Teoria personalista (a afastar): os direitos reais também são relações jurídicas entre
pessoas, como os direitos pessoais, diferenciando-se o sujeito passivo. Assim, no direito
pessoal de crédito, o sujeito passivo (devedor) é pessoa certa e determinada, enquanto
no direito real seria indeterminada. Esta posição parte da ideia de que toda e qualquer
relação jurídica necessita de um sujeito passivo e um sujeito ativo – um titular do
direito de exigir uma prestação e outra pessoa que deve cumpri-la.
Surge aqui uma “obrigação passiva universal”, que consiste no dever geral de abstenção
da prática de qualquer ato que atinja os direitos reais.
“Um vínculo entre esses dois sujeitos de direito, numa palavra, a intersubjetividade,
seria a condição imprescindível, sine qua non, para a existência de toda e qualquer
relação jurídica. Quem aceita essa doutrina desconhece a incontestável presença, no
universo jurídico, de relações jurídicas unisubjetivas, ou recusa a existência de fatos ou
comportamentos jurídicos nos quais falta o sujeito ativo, ou não há sujeito passivo.”

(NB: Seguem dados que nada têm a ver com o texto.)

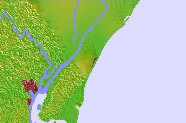 Use this relief map to navigate to tide stations, surf breaks and cities that are in the area of Bennet's Dock, Pawleys Island Creek, South Carolina.

Maioria doutrinária: “o direito real não tem sujeito passivo. Na relação jurídica que
o traduz e estratifica há um direito a que não corresponde um dever, uma obrigação. A
relação é entre o sujeito e o objeto; e, portanto, unisubjetiva (…) há, em resumo,
situações jurídicas, constituídas pela norma com um sujeito único, ditas
uniposicionais.”

Direitos reais vs direitos pessoais – considerações


A distinção corresponde à sua realidade natural; ao modo do seu exercício. Sobre as
coisas, considera-se que a ação humana se exerce diretamente desde que estas possam
estar à sua disposição. Quanto aos serviços, essa realidade não se verifica, já que o
exercício depende do consentimento de outro homem, importando uma limitação da sua
liberdade que somente pode ser voluntária.
1. O objeto do direito real é, necessariamente, uma coisa determinada, enquanto a
prestação do devedor, objeto da obrigação que contraiu, pode ter por objeto
coisa genérica, bastando que seja determinável.
2. A violação de um direito real consiste sempre num fato positivo.
3. O direito real concede ao titular um gozo permanente porque tende à
perpetuidade; por oposição, o direito pessoal é eminentemente transitório, pois
vê-se extinto no momento em que a obrigação correlata é cumprida.
4. Os direitos reais distinguem-se por: tipicidade, elasticidade, publicidade,
especialidade. São de criação exclusiva do legislador.